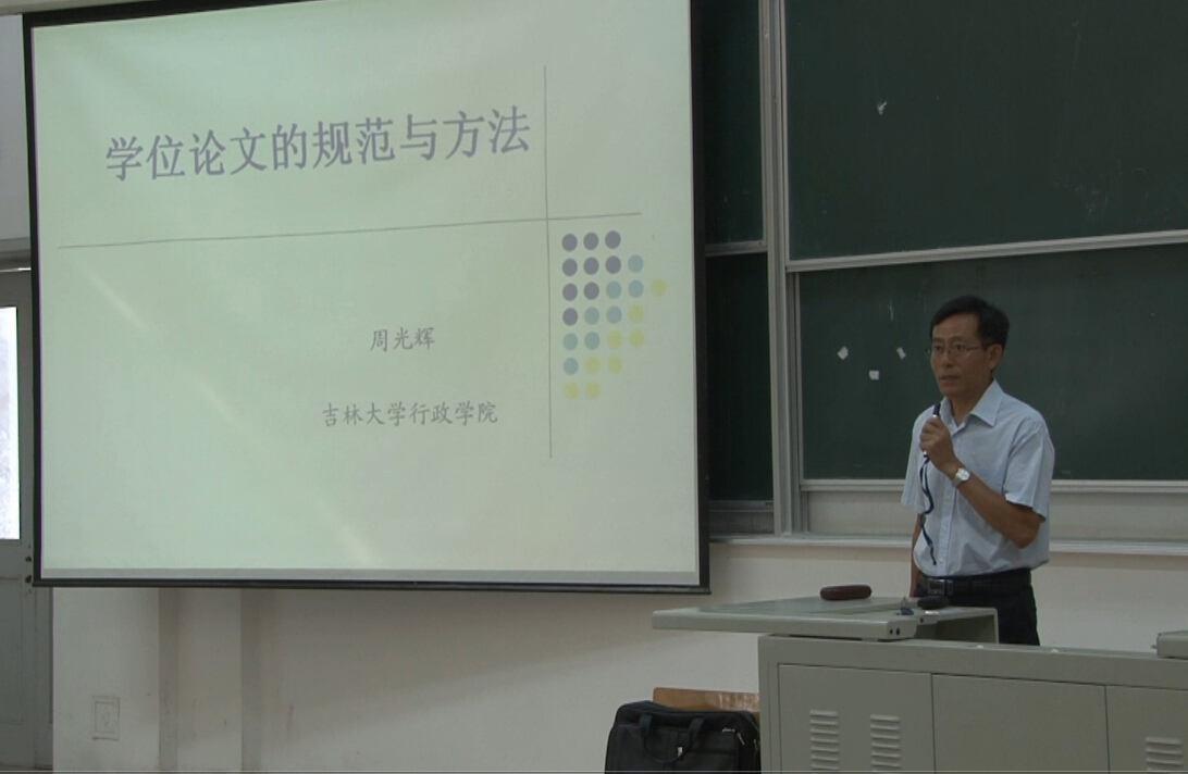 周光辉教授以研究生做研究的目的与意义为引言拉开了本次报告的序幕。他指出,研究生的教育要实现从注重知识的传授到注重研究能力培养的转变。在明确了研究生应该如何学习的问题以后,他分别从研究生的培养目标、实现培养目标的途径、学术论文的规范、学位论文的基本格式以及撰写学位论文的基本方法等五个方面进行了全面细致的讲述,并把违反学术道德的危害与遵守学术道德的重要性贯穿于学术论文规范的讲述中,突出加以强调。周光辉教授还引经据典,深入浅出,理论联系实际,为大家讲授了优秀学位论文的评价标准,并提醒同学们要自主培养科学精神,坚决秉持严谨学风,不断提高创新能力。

==

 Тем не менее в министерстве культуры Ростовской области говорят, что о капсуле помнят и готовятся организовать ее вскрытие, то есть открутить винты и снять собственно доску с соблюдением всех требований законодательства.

--

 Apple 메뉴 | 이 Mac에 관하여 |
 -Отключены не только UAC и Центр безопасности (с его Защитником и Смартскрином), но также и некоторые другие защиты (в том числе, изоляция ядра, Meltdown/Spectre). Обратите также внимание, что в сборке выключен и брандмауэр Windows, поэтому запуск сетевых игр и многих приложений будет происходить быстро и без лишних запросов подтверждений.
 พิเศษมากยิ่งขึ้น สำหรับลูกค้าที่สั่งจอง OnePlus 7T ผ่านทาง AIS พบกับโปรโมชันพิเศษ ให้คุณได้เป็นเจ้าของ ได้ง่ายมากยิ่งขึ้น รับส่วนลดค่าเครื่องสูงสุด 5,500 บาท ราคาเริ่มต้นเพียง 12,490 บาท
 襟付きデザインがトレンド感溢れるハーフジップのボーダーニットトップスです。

Your instructions: In the data above, which lines lie between the line with "-Отключены не только" and the line with "襟付きデザインがトレンド感溢れるハーフジップのボーダーニットトップスです。", inclusive? Print those lines exactly and nothing else.

Solution for this task:
 -Отключены не только UAC и Центр безопасности (с его Защитником и Смартскрином), но также и некоторые другие защиты (в том числе, изоляция ядра, Meltdown/Spectre). Обратите также внимание, что в сборке выключен и брандмауэр Windows, поэтому запуск сетевых игр и многих приложений будет происходить быстро и без лишних запросов подтверждений.
 พิเศษมากยิ่งขึ้น สำหรับลูกค้าที่สั่งจอง OnePlus 7T ผ่านทาง AIS พบกับโปรโมชันพิเศษ ให้คุณได้เป็นเจ้าของ ได้ง่ายมากยิ่งขึ้น รับส่วนลดค่าเครื่องสูงสุด 5,500 บาท ราคาเริ่มต้นเพียง 12,490 บาท
 襟付きデザインがトレンド感溢れるハーフジップのボーダーニットトップスです。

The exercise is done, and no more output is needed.